You can see that with the default configuration that logistic regression achieves an accuracy of 88%.

Weka Classification Results for the Logistic Regression Algorithm

Weka Classification Results for the Logistic Regression Algorithm

Naive Bayes

Naive Bayes is a classification algorithm. Traditionally it assumes that the input values are nominal, although it numerical inputs are supported by assuming a distribution.

Naive Bayes uses a simple implementation of Bayes Theorem (hence naive) where the prior probability for each class is calculated from the training data and assumed to be independent of each other (technically called conditionally independent).

This is an unrealistic assumption because we expect the variables to interact and be dependent, although this assumption makes the probabilities fast and easy to calculate. Even under this unrealistic assumption, Naive Bayes has been shown to be a very effective classification algorithm.

Naive Bayes calculates the posterior probability for each class and makes a prediction for the class with the highest probability. As such, it supports both binary classification and multi-class classification problems.

Choose the Naive Bayes algorithm:

  1. Click the “Choose” button and select “NaiveBayes” under the “bayes” group.
  2. Click on the name of the algorithm to review the algorithm configuration.
Weka Configuration for the Naive Bayes Algorithm

Weka Configuration for the Naive Bayes Algorithm

By default a Gaussian distribution is assumed for each numerical attributes.

You can change the algorithm to use a kernel estimator with the useKernelEstimator argument that may better match the actual distribution of the attributes in your dataset. Alternately, you can automatically convert numerical attributes to nominal attributes with the useSupervisedDiscretization parameter.

  1. Click “OK” to close the algorithm configuration.
  2. Click the “Start” button to run the algorithm on the Ionosphere dataset.

You can see that with the default configuration that Naive Bayes achieves an accuracy of 82%.

Weka Classification Results for the Naive Bayes Algorithm

Weka Classification Results for the Naive Bayes Algorithm

There are a number of other flavors of naive bayes algorithms that you could work with.

Decision Tree

Decision trees can support classification and regression problems.

Decision trees are more recently referred to as Classification And Regression Trees (CART). They work by creating a tree to evaluate an instance of data, start at the root of the tree and moving town to the leaves (roots) until a prediction can be made. The process of creating a decision tree works by greedily selecting the best split point in order to make predictions and repeating the process until the tree is a fixed depth.

After the tree is constructed, it is pruned in order to improve the model’s ability to generalize to new data.
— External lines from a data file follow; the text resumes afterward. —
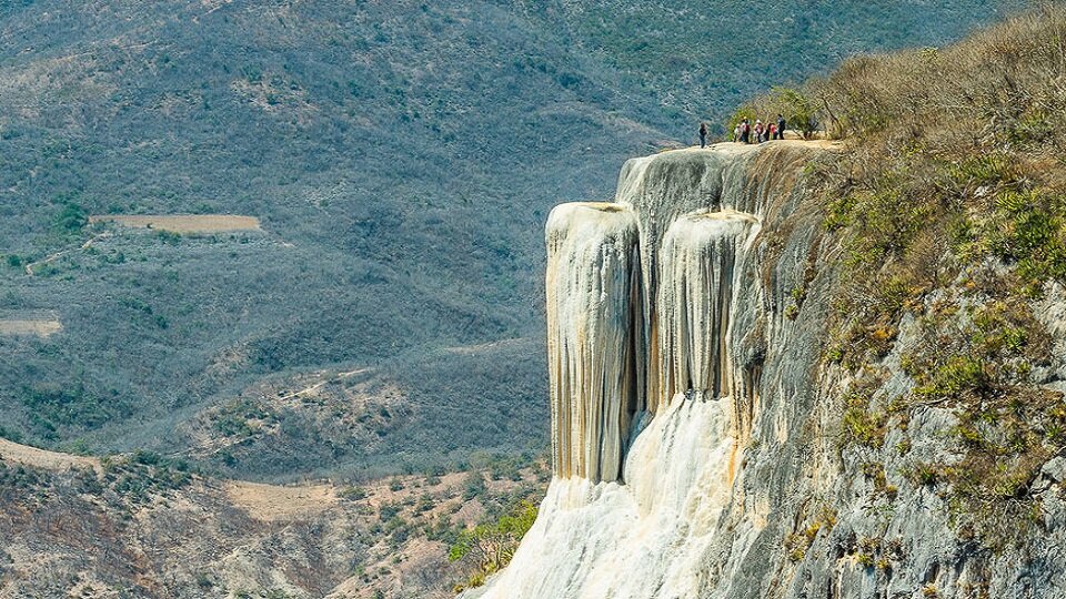 Такое чудо света, как великолепный природный объект можно увидеть в Мексике. Это Иерве-эль-Агуа (Hierve el Agua, который издалека выглядит, как большой, полноводный водопад. Но, когда подойдешь ближе, видно, что это не струйки воды, бегущие по склону холма, а нечто совсем иное. Большая часть дорожки к нему и сам водопад - это естественное каменное образование, в некотором роде похожее на турецкий Памуккале. В переводе с испанского Иерве-эль-Агуа означает «кипящая вода», но водопад больше напоминает замерзшую воду. Иерве находится в 70 км от города Оахака (Oaxaca) одноименного штата, население которого около двух тысяч человек. По дороге к «водопаду» в двух выступах находятся источники пресной воды. Однако вода в них насыщена минералами, а именно карбонатом кальция. Он содержится в скальной породе по всему миру, и также является основным элементом морских раковин, жемчуга и раковин улиток. Вода из этих источников «стекает» по склону горы, образуя белые скалы, издалека похожие на водопад
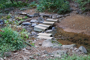 大明神沢を渡る
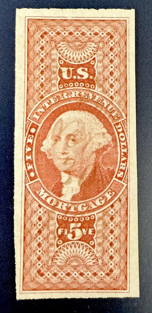 | Fantastic #R91a Extremely Fine, large margins, quite fresh $5 Mortgage First Issue Revenue, imperforate, very light manuscript cancel. A real nice looking stamp.
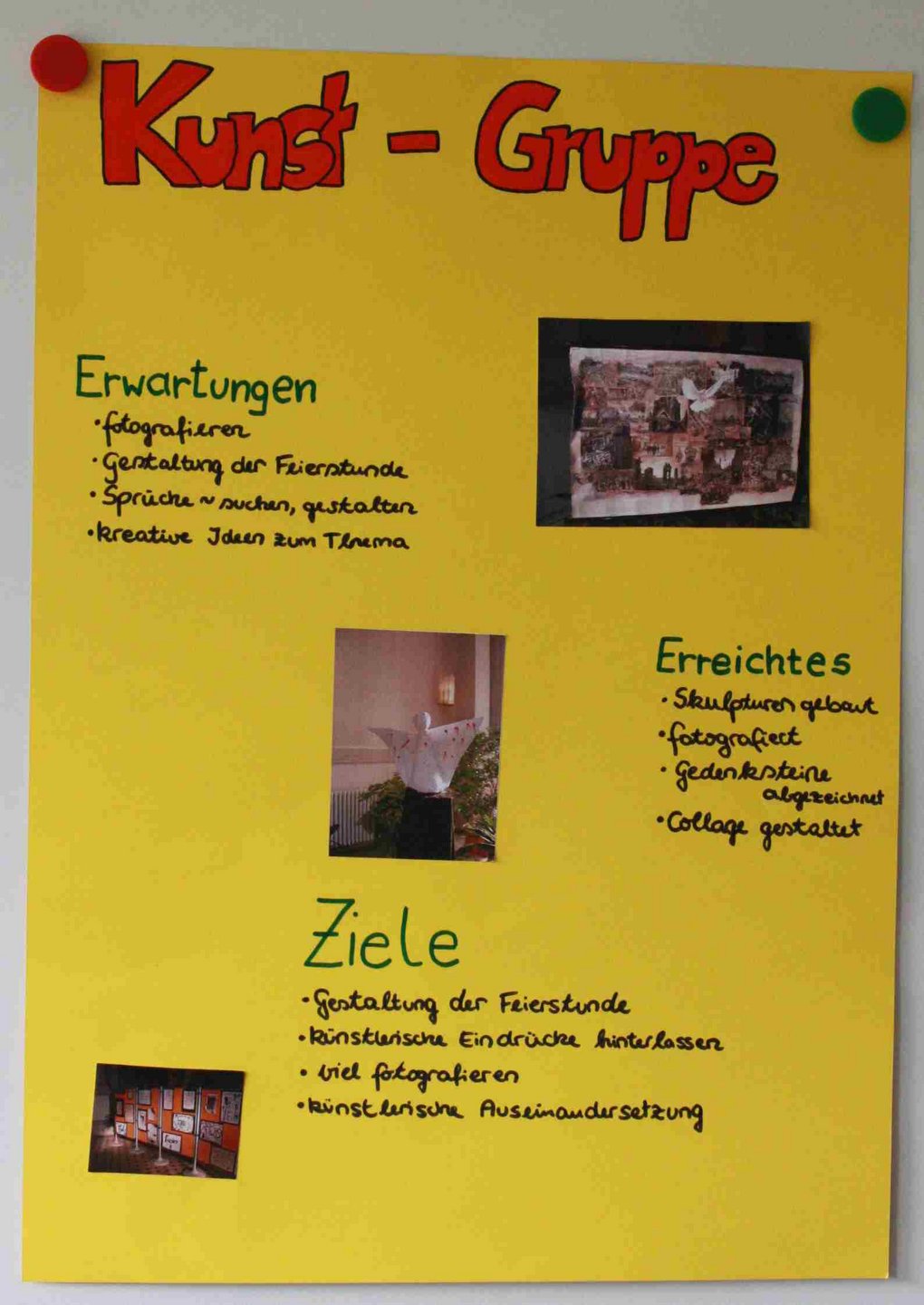 Alle entstandenen künstlerischen Arbeiten wurden auf Stelltafeln in der Schule zur Probe ausgestellt. Zum Abschluss des Tages wurde noch ein Text zum Zweck und den Gedanken zur Gedenkfeier am Laptop geschrieben.

Choose the decision tree algorithm:

  1. Click the “Choose” button and select “REPTree” under the “trees” group.
  2. Click on the name of the algorithm to review the algorithm configuration.
Weka Configuration for the Decision Tree Algorithm

Weka Configuration for the Decision Tree Algorithm

The depth of the tree is defined automatically, but a depth can be specified in the maxDepth attribute.

You can also choose to turn of pruning by setting the noPruning parameter to True, although this may result in worse performance.

The minNum parameter defines the minimum number of instances supported by the tree in a leaf node when constructing the tree from the training data.

  1. Click “OK” to close the algorithm configuration.
  2. Click the “Start” button to run the algorithm on the Ionosphere dataset.

You can see that with the default configuration that the decision tree algorithm achieves an accuracy of 89%.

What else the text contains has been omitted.